When I worked in Hong Kong from 1990-1995 I witnessed first hand the great emerging market bubble of the early 1990s. At the time, paying any price for anything that had exposure to China, India, Russia or Brazil was OK, because the present value of the money everyone was going to make from four billion new consumers the world over was an almost incalculable figure. Alas, we all found out that it was going to take more than six months to set up shop in China and India to manufacture and sell our widgets to all of these eager new consumers, and the frenzy died down.

We are now about 15 years down the road. The economic progress in China over the past 15 years is something the world has most likely never seen. India, which Jim Rogers always accurately pointed out was a complete mess, has completely overhauled its cities, transportation systems, and infrastructure. Capitalism has taken hold and goods and services are exchanging hands at a ferocious rate.

Despite this being arguably the most robust economic time in the history of our planet, sitting at my desk listening to market pundits and looking at my favorite sentiment indicators, all I seem to find is global equity bearishness. The Commitment of Traders report released yesterday shows a net short position for speculators in the S&P 500 futures for the first time since November 2005. On Bloomberg, look at AAIIBEAR Index AAIIBULL Index HS which shows the spread between bears and bulls to be heavily weighted to the bear side right now, even as market indices approach or break through all time high levels. It is a common for these indicators to be so skewed, but only after market declines, not at new highs.

In asking myself why, I think back to a passage from EdSpec describing the experiences of Victor's relatives after the crash of 1929 when they lost quite a bit of money.
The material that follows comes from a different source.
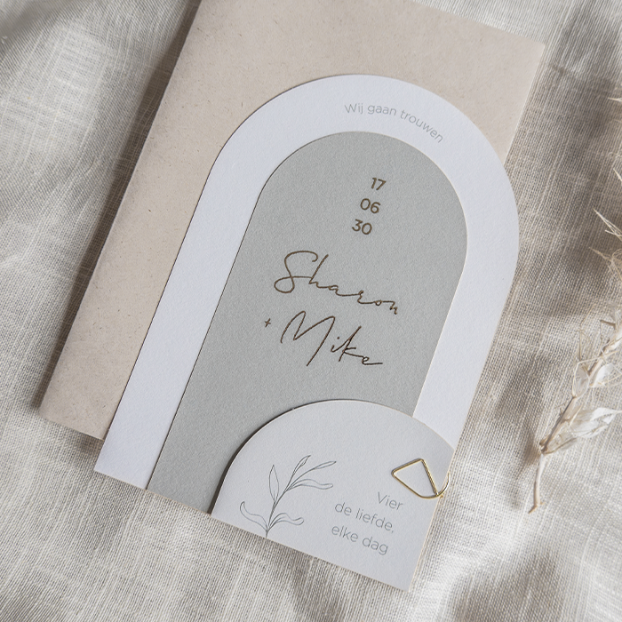 Verras jullie gasten met deze exclusieve trouwkaart met labels en goudfolie. De hoofdkaart is 11x16 cm, de langwerpige kaart is 8x14 cm en de liggende kaart is 7x5 cm. Voeg de labels samen met een paperclip. Deze kun je zelf erbij bestellen en vind je bij de Extra producten.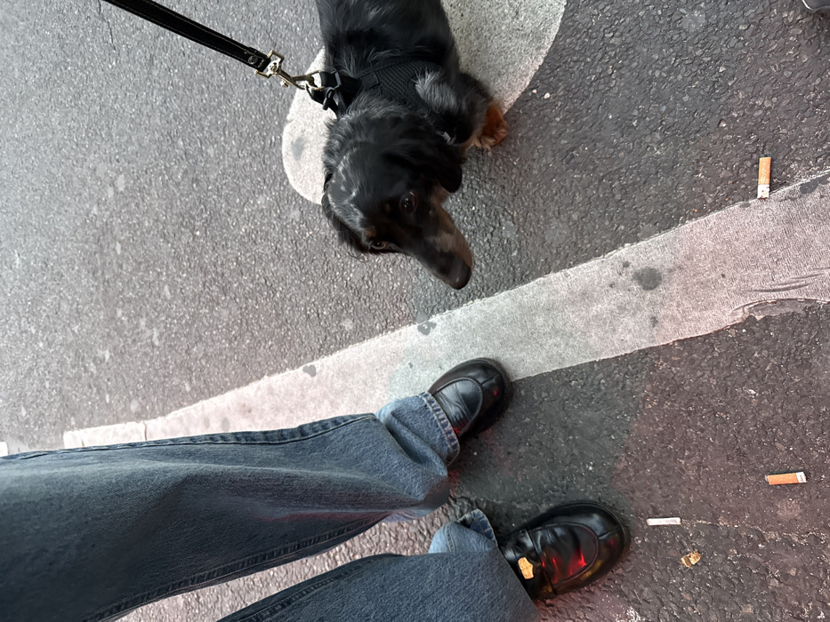 The image depicts a ground-level view on a paved surface in Paris, France. The lower legs of an individual are visible on the left, wearing blue denim jeans and black loafers. The left loafer features a gold-colored rectangular adornment. To the right, a long-haired black and tan dachshund, wearing a black harness with a black leash attached, stands on a dark gray asphalt surface. The dog is positioned to the right of a faded white painted line that runs vertically through the frame, and its head is turned towards the left, facing the individual's feet. Several white and orange-filtered cigarette butts are scattered on the asphalt, primarily near the individual's feet to the left of the white line. Small fragments of debris are also visible on the ground.

It seemed that even more disastrous to them than the money they lost was the opportunity they missed over the next 50 so years because every time the market rallied they wanted to sell so as not to get caught up in the next crash, With the memories of the Internet bubble and subsequent crash still fresh the latest batch of Wall St. participants, its seems likely that this same psychology is what is dominating the scene right now.